There must be something about the sprawling girth of Los Angeles that makes directors prone to these bloated, multi-narrative pronouncements about the city of dreams and the national unconscious. Just as Paul Haggis's Crash presented L.A. as a podium for heavy-handed statements about racism, Wayne Kramer sees it as a network of immigration patterns. Both seem to be after the kind of generational tableaux Robert Altman made of the city in Short Cuts — a comparison that does Altman a disservice — but Haggis and now Kramer have an unfortunate habit their predecessor lacked. Crossing Over compulsively repeats its thesis — that American immigration policy is dehumanizing — until, like Crash, it becomes a spectacle of liberal Hollywood back-patting.

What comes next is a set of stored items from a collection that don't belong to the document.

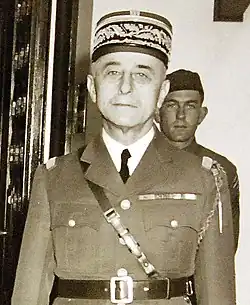 Upon the outbreak of World War II, he was named Commander in Chief of all French Forces in North Africa and announced strict measures against German sympathizers.[4] After the fall of France and the installation of the Vichy puppet regime, Noguès aided the Germans, pursued members of the French Resistance and enforced Vichy laws that targeted Jews.[4] When the Allies invaded North Africa, Noguès initially ordered his troops to resist, but when the Allies gained an upper hand, he ordered them to cease fighting.[4] After the war, Noguès was tried and sentenced for treason.[4]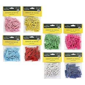 O conjunto conta com mini prendedores com cores vibrantes, proporciona diversas combinações de decorações para sua festa de natal.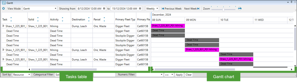Note: You can access the Gantt tab when viewing either a saved schedule or a generated schedule that you have not saved yet.

Harrison Ford (looking positively exhausted after his latest neo-colonial Indy expedition) plays our jaded hero, reluctant Immigration and Customs Enforcement agent Max. His partner Hamid (Cliff Curtis) offers the middle-class Middle-Eastern version of the American Immigration Dream, while the pretty Mexican woman (Alice Braga) Max busts in a sweatshop raid gives us the working-class Latino perspective. Summer Bishil plays a Bangladeshi teen suspected of being a terrorist, while two pretty young Commonwealth travelers (Brit Jim Sturgess and Aussie Alice Eve) take divergent and demeaning paths to legal status. Had Kramer honed in on fewer plots in greater detail, Crossing Over might have achieved something more than mediocrity. Sadly, with few scenes lasting two minutes before crossing over to another story, what was surely conceived as a multi-narrative epic comes off as a collage of sound-bites.

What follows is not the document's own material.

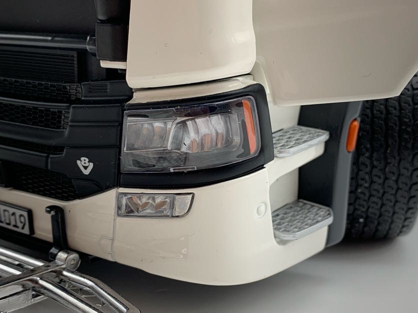 Cette miniature comprend un grand nombre de pièces rapportées. Nous retrouvons comme il se doit des phares et feux réalistes, y compris les feux de position présents sur les carénages disposés de part et d’autre du Scania.

In this ADD-riddled storytelling landscape, acting becomes subordinated to arching aerial shots of secret immigration facilities and the emotional button-pushing of families and lives being pulled apart. Ray Liotta provides the only performance worth mentioning, reveling in the part of a completely slimy and pathetic immigration official. His evolution from a paternalistic, blackmailing manipulator into a tragicomic figure of vulnerable self-loathing delights without condescending. Ashley Judd's performance as his morally upright immigration lawyer wife is less memorable, although the fact that she's essentially playing Angelina Jolie should tip viewers off to the "progressive Hollywood" narcissism that's at work here. Crossing Over doesn't offer solutions to, or even a substantial engagement with, America's archaic immigration policies. As long as we feel bad — just like the empathetic stars on-screen — someone (maybe Angelina Jolie) will do something about it.